**Problem statement:** Your response to the data below should hold nothing except the lines from the one containing "Yaheetech Nachttisch Nachtschrank" down to the one containing "El ministro de", reproduced exactly and without pictures.

**Supplied entries:**
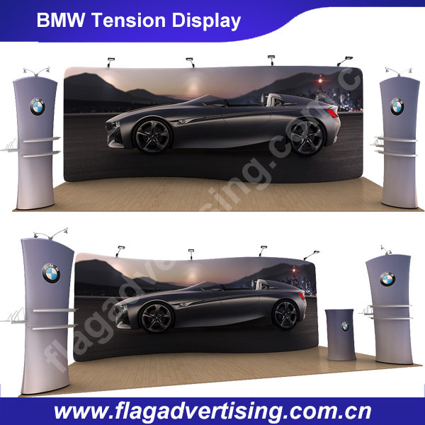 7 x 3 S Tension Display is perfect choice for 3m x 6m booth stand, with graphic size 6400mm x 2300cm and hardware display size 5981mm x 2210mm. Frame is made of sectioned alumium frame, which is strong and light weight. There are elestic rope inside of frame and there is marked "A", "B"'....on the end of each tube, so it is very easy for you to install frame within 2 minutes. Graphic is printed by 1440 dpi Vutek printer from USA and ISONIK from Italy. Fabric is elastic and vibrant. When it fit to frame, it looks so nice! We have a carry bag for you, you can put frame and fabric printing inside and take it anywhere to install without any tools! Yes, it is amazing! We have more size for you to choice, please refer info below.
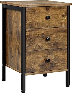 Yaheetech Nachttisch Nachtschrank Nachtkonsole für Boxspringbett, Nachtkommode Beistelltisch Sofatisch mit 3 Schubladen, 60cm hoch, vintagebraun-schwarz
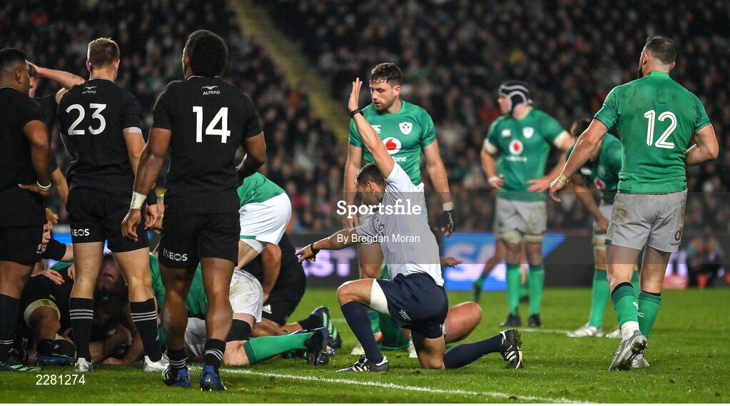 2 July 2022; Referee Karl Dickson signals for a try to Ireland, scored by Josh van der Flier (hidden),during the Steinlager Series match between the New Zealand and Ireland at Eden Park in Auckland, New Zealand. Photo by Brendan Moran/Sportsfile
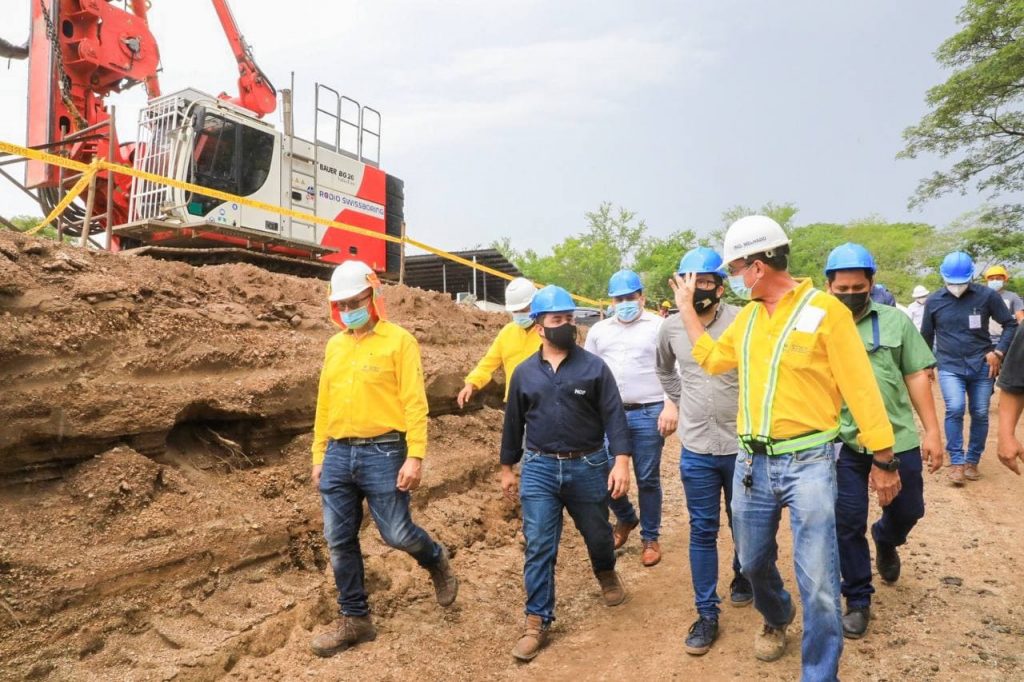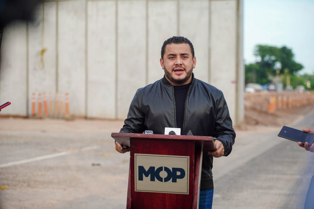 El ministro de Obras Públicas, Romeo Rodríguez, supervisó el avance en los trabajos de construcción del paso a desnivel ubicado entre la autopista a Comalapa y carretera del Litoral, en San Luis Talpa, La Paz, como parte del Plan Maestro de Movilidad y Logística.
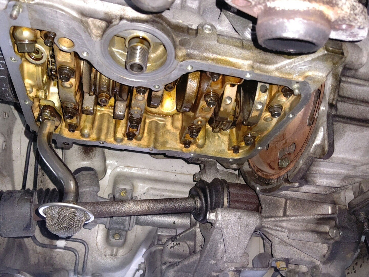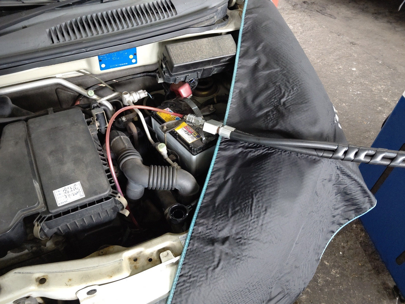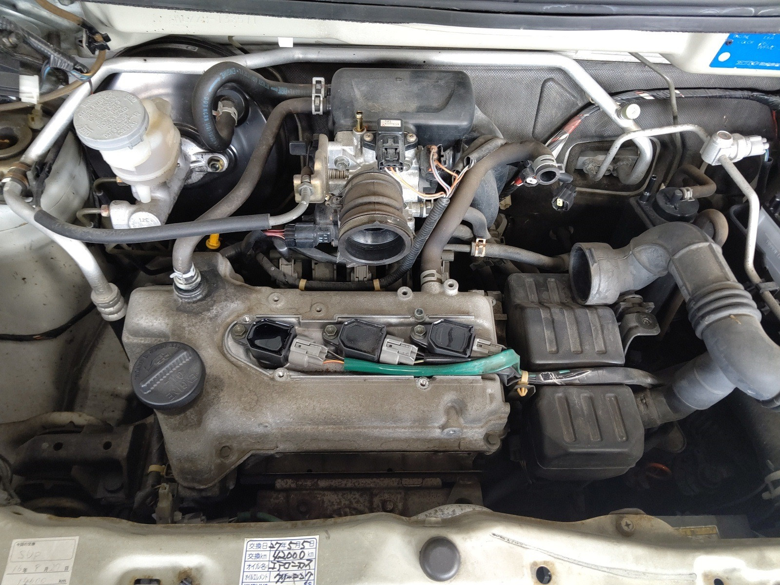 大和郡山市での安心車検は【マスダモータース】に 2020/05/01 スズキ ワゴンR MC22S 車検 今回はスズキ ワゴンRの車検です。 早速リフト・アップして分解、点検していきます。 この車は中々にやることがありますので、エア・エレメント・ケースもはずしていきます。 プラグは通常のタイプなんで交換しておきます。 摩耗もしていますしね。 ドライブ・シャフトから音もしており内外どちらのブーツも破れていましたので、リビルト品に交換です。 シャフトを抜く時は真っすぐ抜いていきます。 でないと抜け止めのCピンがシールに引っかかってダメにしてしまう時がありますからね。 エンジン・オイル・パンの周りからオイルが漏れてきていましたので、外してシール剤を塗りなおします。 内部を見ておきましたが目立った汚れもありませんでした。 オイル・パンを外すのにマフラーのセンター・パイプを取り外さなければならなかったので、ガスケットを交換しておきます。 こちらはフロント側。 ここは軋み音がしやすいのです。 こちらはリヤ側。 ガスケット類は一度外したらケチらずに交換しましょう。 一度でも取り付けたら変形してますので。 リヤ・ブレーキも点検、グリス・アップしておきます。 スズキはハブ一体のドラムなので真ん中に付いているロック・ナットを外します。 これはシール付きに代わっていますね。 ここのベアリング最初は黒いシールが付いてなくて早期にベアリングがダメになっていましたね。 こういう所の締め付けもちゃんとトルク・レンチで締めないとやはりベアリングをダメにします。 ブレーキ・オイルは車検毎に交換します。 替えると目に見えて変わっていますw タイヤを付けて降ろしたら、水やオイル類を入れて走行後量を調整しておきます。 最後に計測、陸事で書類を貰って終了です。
* * *
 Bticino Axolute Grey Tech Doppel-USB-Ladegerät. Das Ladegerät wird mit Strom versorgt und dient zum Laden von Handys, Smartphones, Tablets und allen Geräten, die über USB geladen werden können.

**Answer box:**
 Yaheetech Nachttisch Nachtschrank Nachtkonsole für Boxspringbett, Nachtkommode Beistelltisch Sofatisch mit 3 Schubladen, 60cm hoch, vintagebraun-schwarz
 2 July 2022; Referee Karl Dickson signals for a try to Ireland, scored by Josh van der Flier (hidden),during the Steinlager Series match between the New Zealand and Ireland at Eden Park in Auckland, New Zealand. Photo by Brendan Moran/Sportsfile
 El ministro de Obras Públicas, Romeo Rodríguez, supervisó el avance en los trabajos de construcción del paso a desnivel ubicado entre la autopista a Comalapa y carretera del Litoral, en San Luis Talpa, La Paz, como parte del Plan Maestro de Movilidad y Logística.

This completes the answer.